Stored items
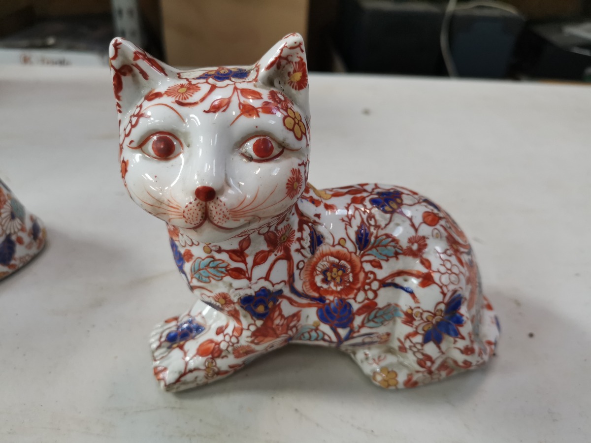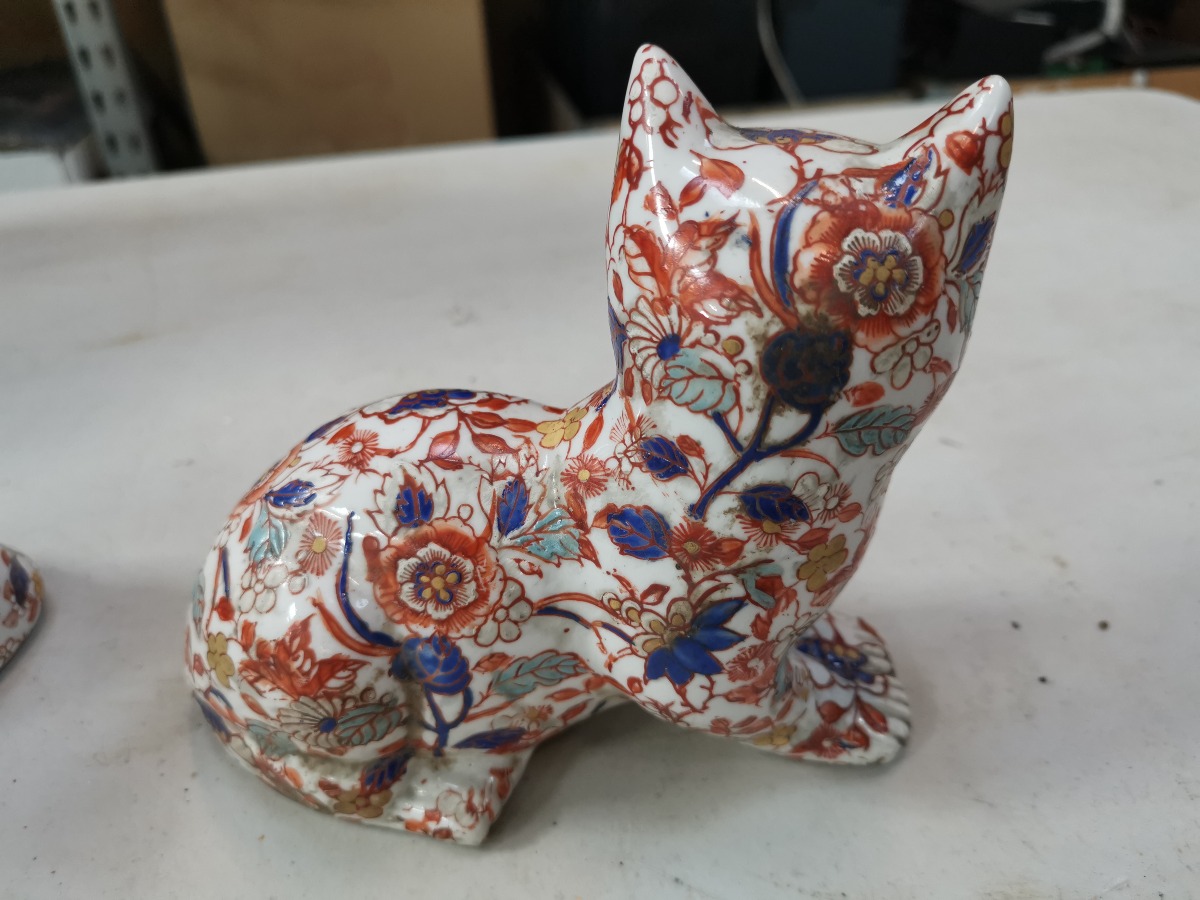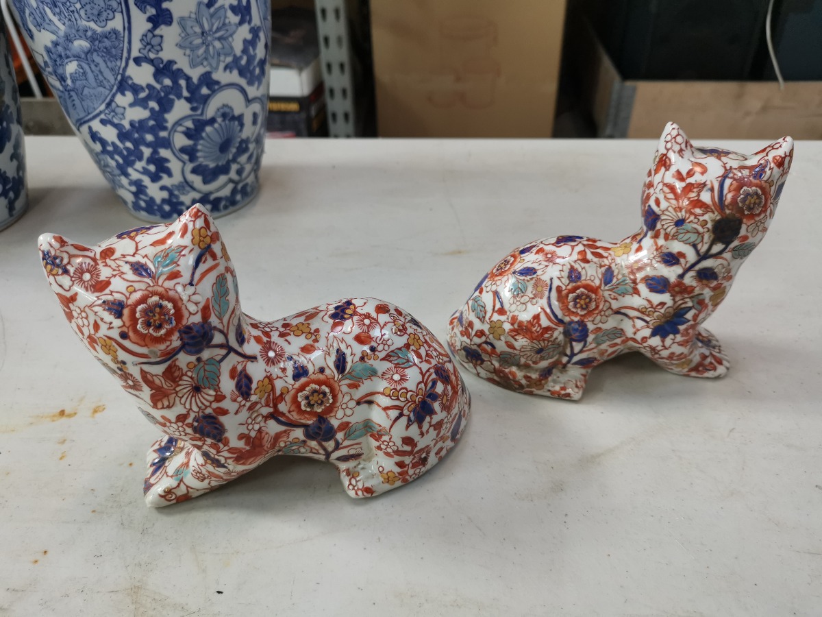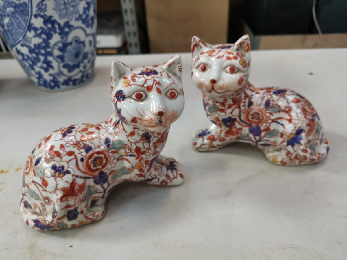 Par Imari-dekorede katte af porcelæn.
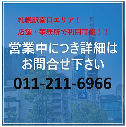 ここに注目!札幌駅南口エリアに退去予定物件が出ました!地下鉄駅出口から徒歩1分ほどの物件です。店舗・事務所で使用可能です。※事前に業種確認が必要です。契約期間・契約形態はご相談となります。お手数をお掛けしますがお問合せ下さいませ。 【土日祝も営業しております!】
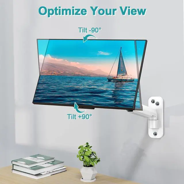 Full Motion Adjustments - Adjustable monitor wall mount arm offers +90° to -90° tilts, 180° swivel, and 360° rotation. This monitor arm extends up to 21.6", making it easy to set the monitor at the optimum angle and position for increased productivity and comfort.
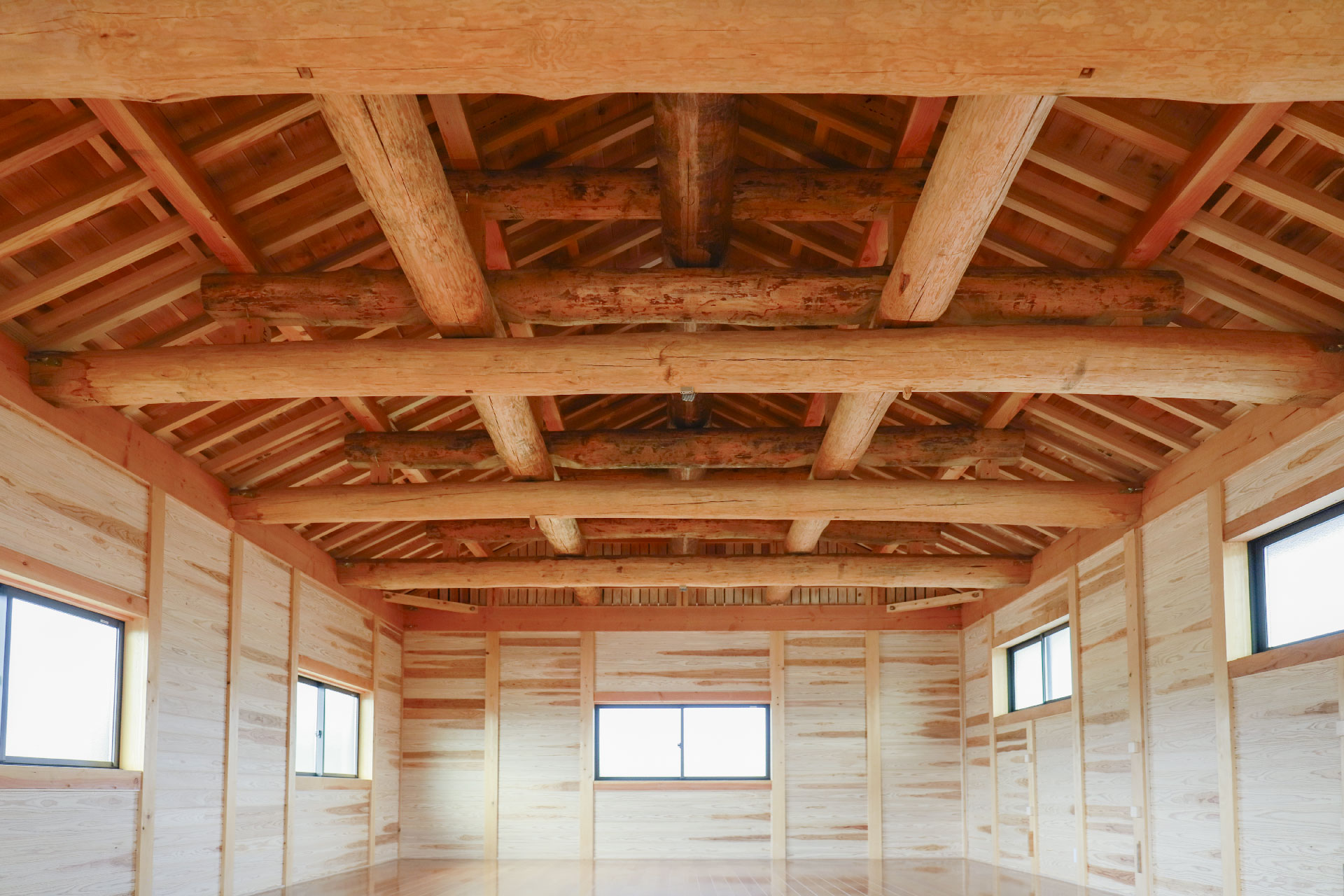 マルチな利用ができるようにあえて仕切りを作らず見上げれば丸太の豪快な天井を楽しめるよう設計しています。
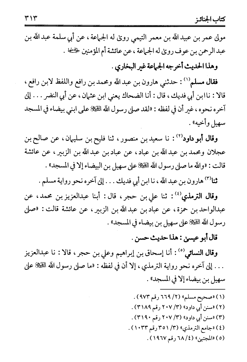 وقال الترمذي (¬4): ثنا علي بن حجر، قال: أبنا عبد العزيز بن محمد، عن عبد الواحد بن حمزة، عن عباد بن عبد الله بن الزبير، عن عائشة قالت: "صلى رسول الله - عليه السلام - على سهيل بن بيضاء في المسجد".
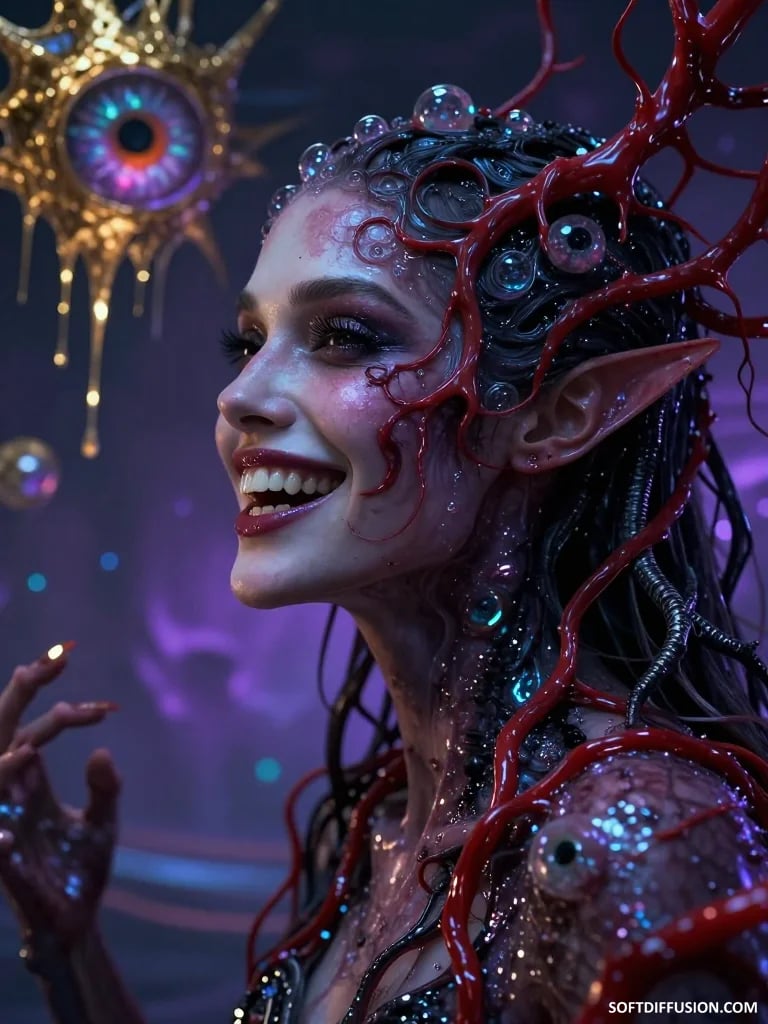 Violet theater of blood‑painted grin

# What needs to be done
Write out every line above exactly, minus images.

# Solution
 Par Imari-dekorede katte af porcelæn.
 ここに注目!札幌駅南口エリアに退去予定物件が出ました!地下鉄駅出口から徒歩1分ほどの物件です。店舗・事務所で使用可能です。※事前に業種確認が必要です。契約期間・契約形態はご相談となります。お手数をお掛けしますがお問合せ下さいませ。 【土日祝も営業しております!】
 Full Motion Adjustments - Adjustable monitor wall mount arm offers +90° to -90° tilts, 180° swivel, and 360° rotation. This monitor arm extends up to 21.6", making it easy to set the monitor at the optimum angle and position for increased productivity and comfort.
 マルチな利用ができるようにあえて仕切りを作らず見上げれば丸太の豪快な天井を楽しめるよう設計しています。
 وقال الترمذي (¬4): ثنا علي بن حجر، قال: أبنا عبد العزيز بن محمد، عن عبد الواحد بن حمزة، عن عباد بن عبد الله بن الزبير، عن عائشة قالت: "صلى رسول الله - عليه السلام - على سهيل بن بيضاء في المسجد".
 Violet theater of blood‑painted grin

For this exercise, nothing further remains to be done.